● **WORK ORDER**
Give the number of lines in the data that hold the word "with", and nothing else.

● **STUDY MATERIAL**
====================
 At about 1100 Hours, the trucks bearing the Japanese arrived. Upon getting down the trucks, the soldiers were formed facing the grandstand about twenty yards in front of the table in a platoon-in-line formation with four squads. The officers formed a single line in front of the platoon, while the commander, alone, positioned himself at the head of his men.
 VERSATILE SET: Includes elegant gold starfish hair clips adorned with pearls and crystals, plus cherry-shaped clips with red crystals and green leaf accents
====================
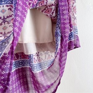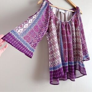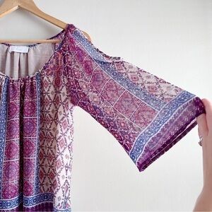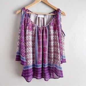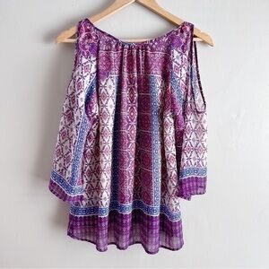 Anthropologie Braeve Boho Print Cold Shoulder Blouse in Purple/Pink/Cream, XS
====================
● **REPLY**
2